Whatever lies between the line with "Western Look Wooden" and the end of the data, both included, must be copied exactly and without pictures.

Data entries
====
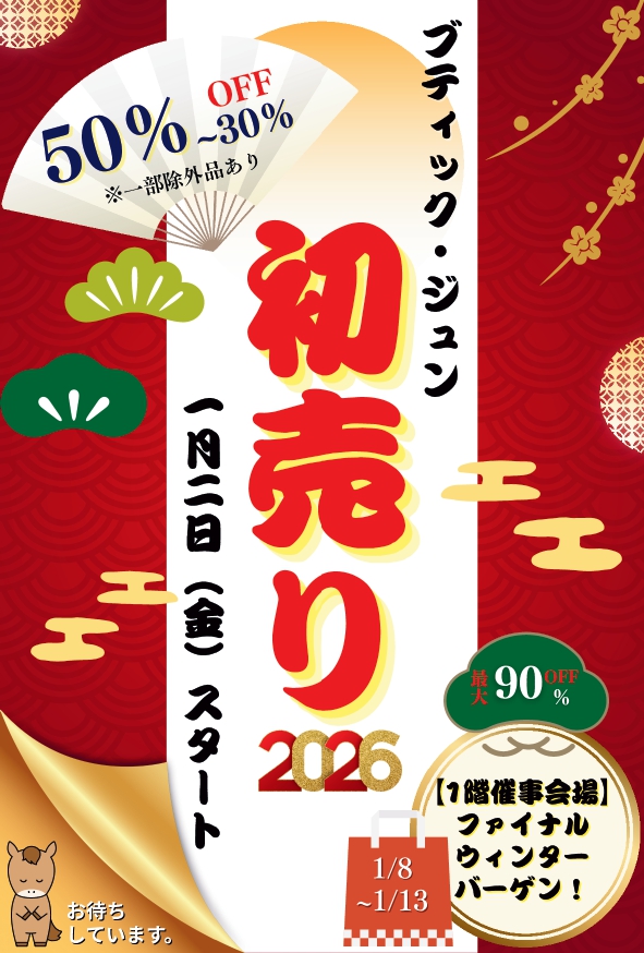 news初売りセールブティックジュンでは1月2日から初売りをスタートいたします! 最大50~30%オフと大変お買い得! お買い得なこの機会にぜひお買い物にいらしてくださいね♪ ※一部除外品ありBoutique JUN2025.12.07 -
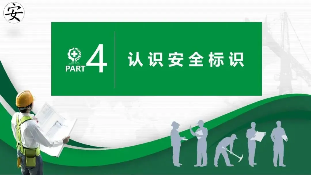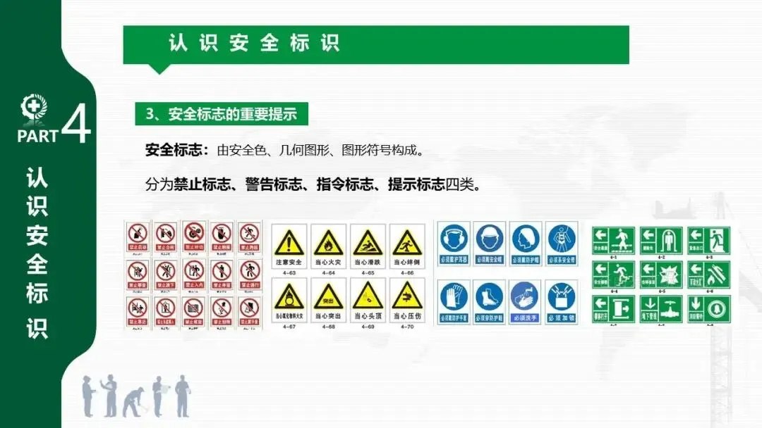 - 介绍了由安全色、几何图形和符号构成的四类安全标志:禁止、警告、指令、提示。
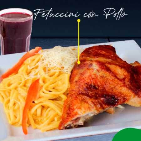 Pasta en una salsa al pesto con espinaca, albahaca y queso, acompañado de un delicioso 1/4 de pollo más salsa huancaína.
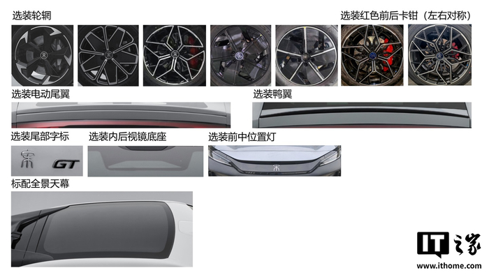 车身尺寸方面,宋 L GT 的长宽高分别为 4840 毫米、1950 毫米和 1560 毫米,轴距为 2930 毫米,与现款宋 L EV 保持一致。此外,该车型还将提供 19 英寸或 20 英寸多种造型轮辋,并配备红色制动卡钳,进一步提升车辆的外观质感和运动气息。
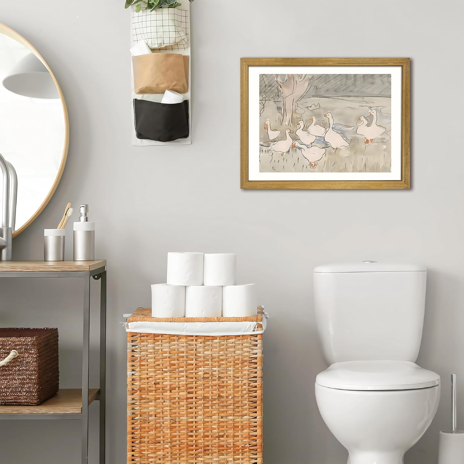 - Vintage Pastoral Aesthetic Wall Art – This charming Vintage Goose Wall Art features a soft watercolor painting of geese and ducks, bringing an old-world countryside charm to your interior. Its gentle lines and muted tones evoke calmness and rural nostalgia.
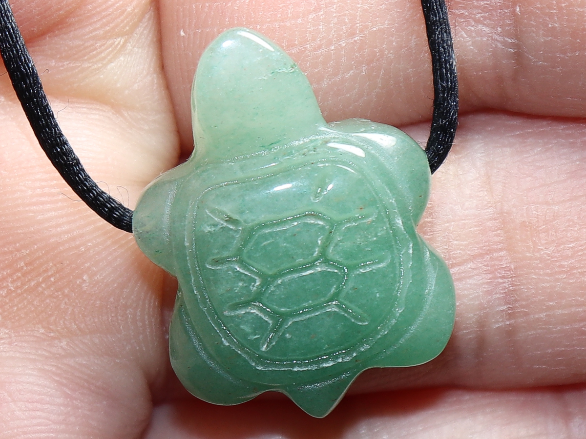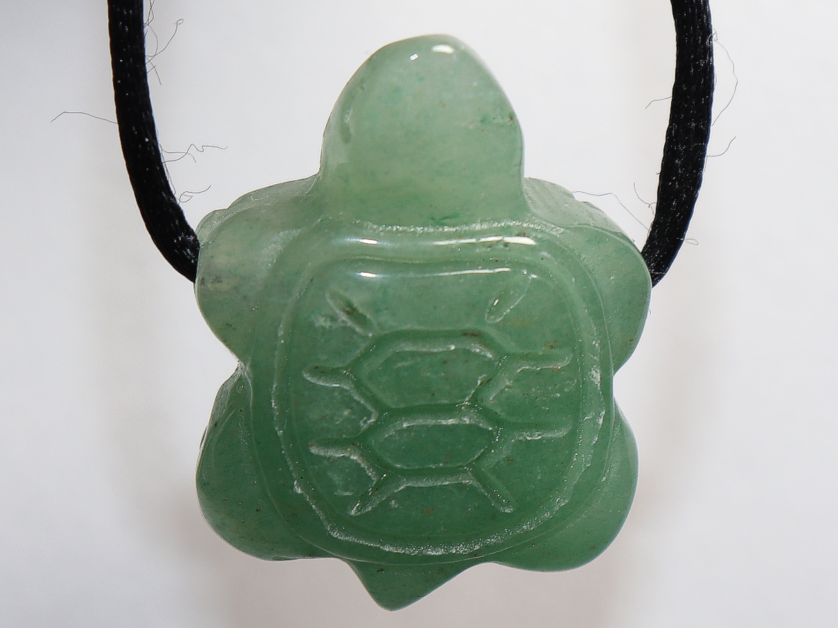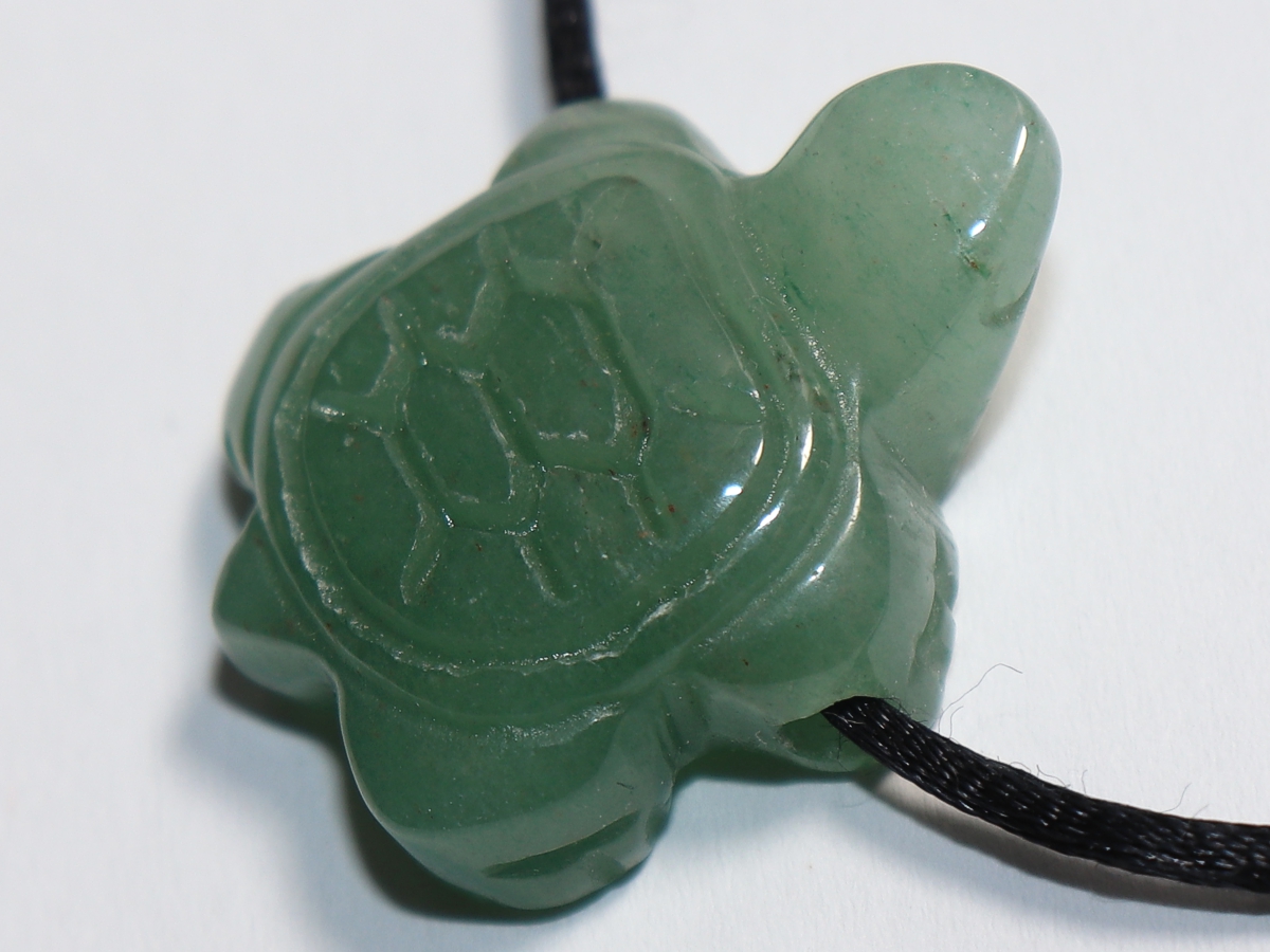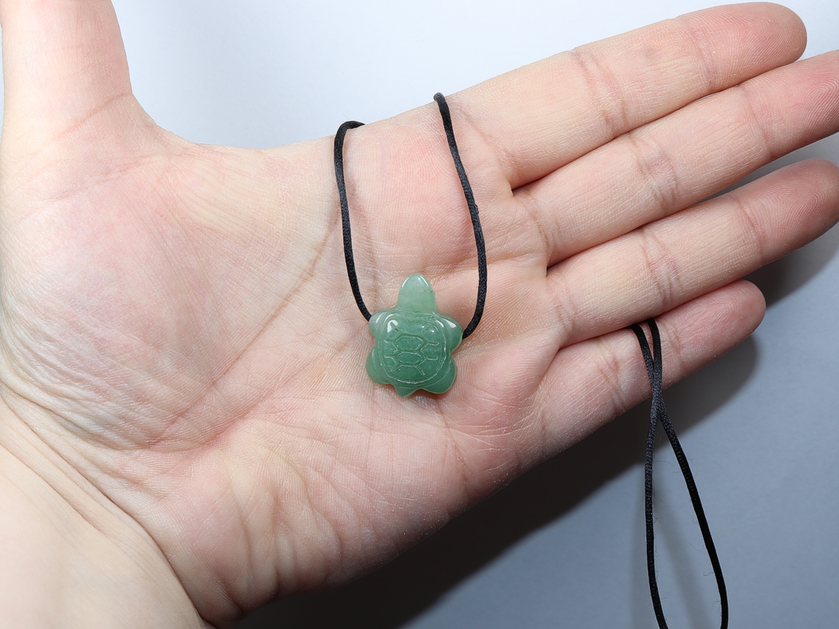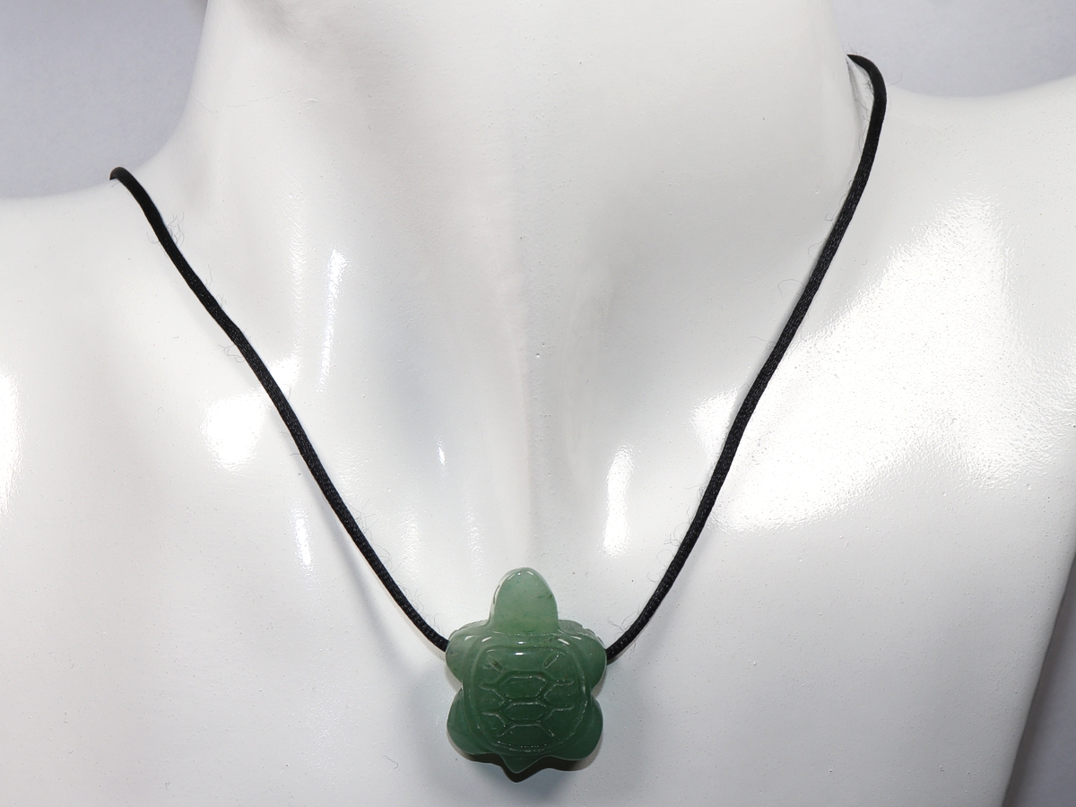 Die Halskette mit der Schildkröte aus Aventurin wird nach Ihren Angaben individualisiert. Sie haben die Wahl zwischen einem schwarzen Band mit einem Verschluss aus Edelstahl oder einer Kette aus Silber 925.
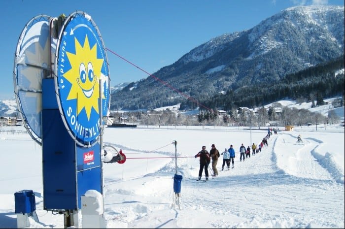 Ein Sunkid Zauberteppich bringt die Gäste durch eine Unterführung nach oben zum 224 langen Sonnenlift. Mit einer Kapazität von 900 Personen pro Stunde ist damit die Anbindung zur Talstation optimal gelöst. Die Besonderheit dabei ist, dass dieser Sunkid Swisscord Lift erstmals nur mit Energie aus Photovoltaikzellen betrieben wird.
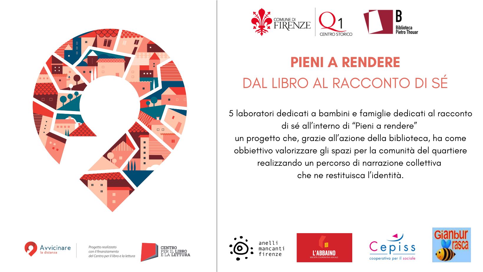 5 laboratori, che si svolgono presso lo Spazio Gianburrasca (via Palazzuolo 35), dedicati a bambini e famiglie dedicati al racconto di sé all’interno di “Pieni a rendere” un progetto che, grazie all’azione della biblioteca, ha come obbiettivo valorizzare gli spazi per la comunità del quartiere realizzando un percorso di narrazione collettiva che ne restituisca l’identità.
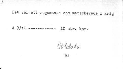//// Det var ett regemente som marscherade i krig //// i //// ' ' . . r . < //// A 93:1---- 10 str. kom. //// 4 //// i //// t //// f //// RA ////
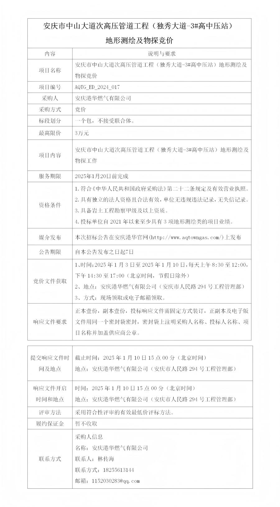 安慶市中山大道次高壓管道工程(獨(dú)秀大道-3#高中壓站)地形測繪及物探競價(jià)
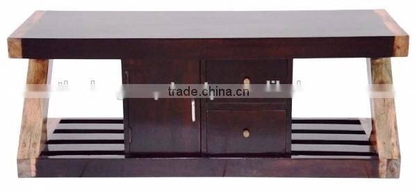 Western Look Wooden TV Table With Utility Drawers
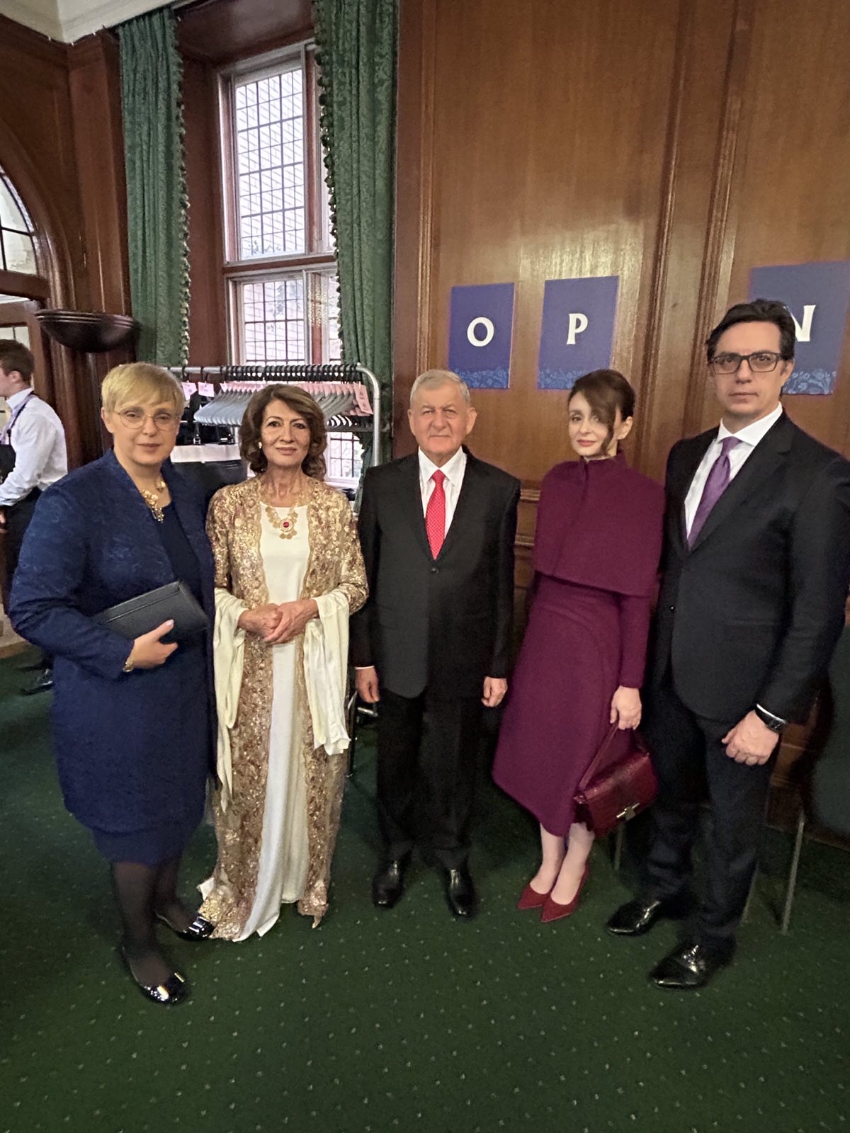 Predsednica Nataša Pirc Musar v družbi iraškega predsednika Abdula Latifa Rashida in predsednika Severne Makedonije Steva Pendarovskega s soprogama.
====
#### Result of the exercise
 Western Look Wooden TV Table With Utility Drawers
 Predsednica Nataša Pirc Musar v družbi iraškega predsednika Abdula Latifa Rashida in predsednika Severne Makedonije Steva Pendarovskega s soprogama.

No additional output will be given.